Again we apologise for the omissions: all of the information (accession number, primer sequence and exon location) is provided in supplemental table S1. QPCR method is clarified in lines 396-404 with added new reference [70] “The ex vivo tissues have been analyzed using the primers listed in supplemental Table S1. Total RNA was extracted and cDNA were synthesized using standard protocols for QPCR analysis of mRNA expression as described before [69]. QPCR was conducted using Invitrogen® SYBR® Green QPCR SuperMix-UDG on a Stratagene MX 3000 with 50 oC 2 min; 95 oC 2 min; 40 cycles of 15 s 95 oC and 30 s 60 oC. The relative expression ratio of targeted gene is calculated using the detected Ct value in comparison to a reference gene (housekeeping gene APRT (adenosine phosphoribosyl transferase)) by the standard method [70].

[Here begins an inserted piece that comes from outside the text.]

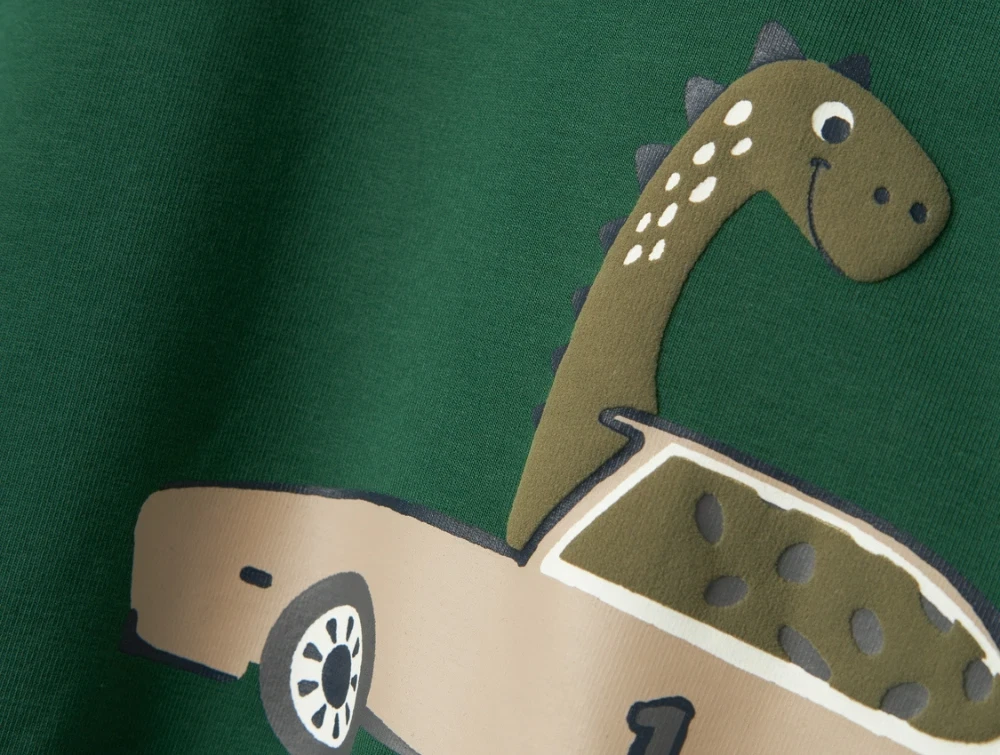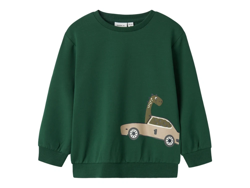 Sweatbluse i farven eden med dinoprint og bil fra Name It.

4. Some figures (Figs 2,3 and 5) do not have any Y axes legends.
We have added labels to the Y axes in all relevant figures with a description in the legends of Figs 2, 3 and 5 as “…were analyzed using relative ratio of gene expression by QPCR, and housekeeper gene APRT served as the reference gene.”
5. Ex vivo, in vitro used throughout the manuscript need to be italicized.
We have corrected this error throughout the manuscript.
Round 2
Reviewer 2 Report
I am satisfied with the revised version of the manuscript along with the responses provided by the authors.